20 years later, a Y2K skeptic reflects on millennium hysteria
Anti-Y2K bug website built in 1997 is still online
When the world didn't end 20 years ago, David Robert Loblaw cracked a beer.
In 1999, Loblaw was employed as a computer programmer for the federal government based in Edmonton. He was also a zealous skeptic of Y2K bug fears.
He sat at his computer in his home office in Glenora and watched the clock turn to midnight in time zones around the world. When the year finally flipped in Edmonton and all was well, he went to go join the party at his wife's restaurant.
As the new millennium approached, some people and institutions worried that when the date changed from 1999 to 2000, computers would crash and the world would descend into chaos.
Fears ranged from power outages to biblical catastrophe with airplanes falling from the sky.
Public institutions in Canada and across the world took the threat seriously: in early 2000, CBC reported that the federal government had spent about $2.5 billion preparing to battle the millennium bug.
An emergency command centre was opened, operating 24 hours a day, through the early days of January 2000 — just in case computer problems arose when people went back to work after the holidays.
Loblaw thought it was a bunch of hooey.
Sure, there were some issues with how computers would respond to the date change. But Loblaw said programmers largely had it under control by 1997.
When the hysteria failed to subside, Loblaw was disturbed.
At work, all other projects were put on hold, and Loblaw was told to focus on the millennium bug.
"It just kept going, that was the weirdest part of it," he said.
Fed up, in the fall of 1997, he launched an anonymous website, denouncing what he described as the Y2K "circus."
Over two decades later, the site, Year 2000 Computer Bug Hoax, lives on: partly, because Loblaw wanted to maintain it as a relic of a phenomenon he doesn't think the world will see again, and partly because he forgot about it and misplaced the password.
When he decided to leave it as is, he added a postscript.
"This website was frozen on December 31, 1999, as a permanent document on how all of us acted and reacted to the Y2K myth from 1997 to 1999. There will be no updates," reads the message.
'May God have mercy on your miserable soul'
The site attracted quite a bit of response, much of which is still archived on it today. Some writers were supportive or thankful for his perspective. Others were mad.
"Why should anyone believe you? The overwhelming mass of evidence is increasingly pointing to an 'end of life as we know it,'" wrote one reader.
"If you are wrong and mislead one person from taking action to provide for their survival, may God have mercy on your miserable soul," wrote another.

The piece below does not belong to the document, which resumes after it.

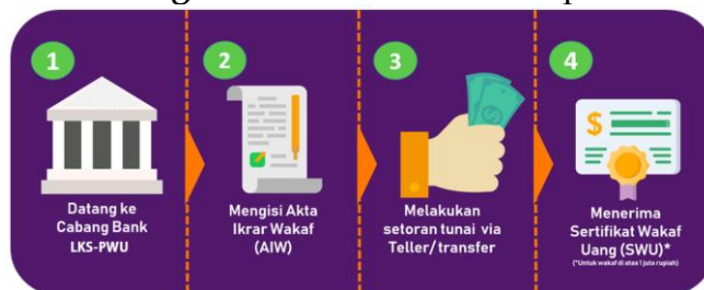
Figure 1: Flow of Cash Waqf

and make payment. The waqif will then obtain a cash waqf certificate, as can be seen in the figure below:

Loblaw said a particularly memorable message came from a preacher in the state of Georgia who cursed him and his family.
When nothing happened, he was troubled that there wasn't a fulsome reckoning, by governments and the media, about how much money and attention had been poured into Y2K preparedness.
"No one wanted to talk about, it was taboo," he said. "It just disappeared."
Irritated by the lack of response, Loblaw outed himself as the author of the site in an opinion piece published in the Globe and Mail. He said his contract with the federal government was terminated a short time later.
Disillusioned with the programming industry, he changed course. In the years that followed, Loblaw and his wife moved back to their hometown of Regina, where they own a chocolate shop.
"Handmade chocolates. I can't go further from computers than what I am today," he said.
Loblaw said even when he was in the middle of his attempted Y2K hysteria take-down, he knew he would never be able to win everyone over to his way of thinking.
"They had everything going for them. They had the hysteria, and they had the mysterious 'What if? What if computers don't work on Jan. 1, 2000?'"
This year, Loblaw plans to spend New Year's Eve at a table instead of at a computer.
"A bare-bones dinner party. No computers whatsoever," he said.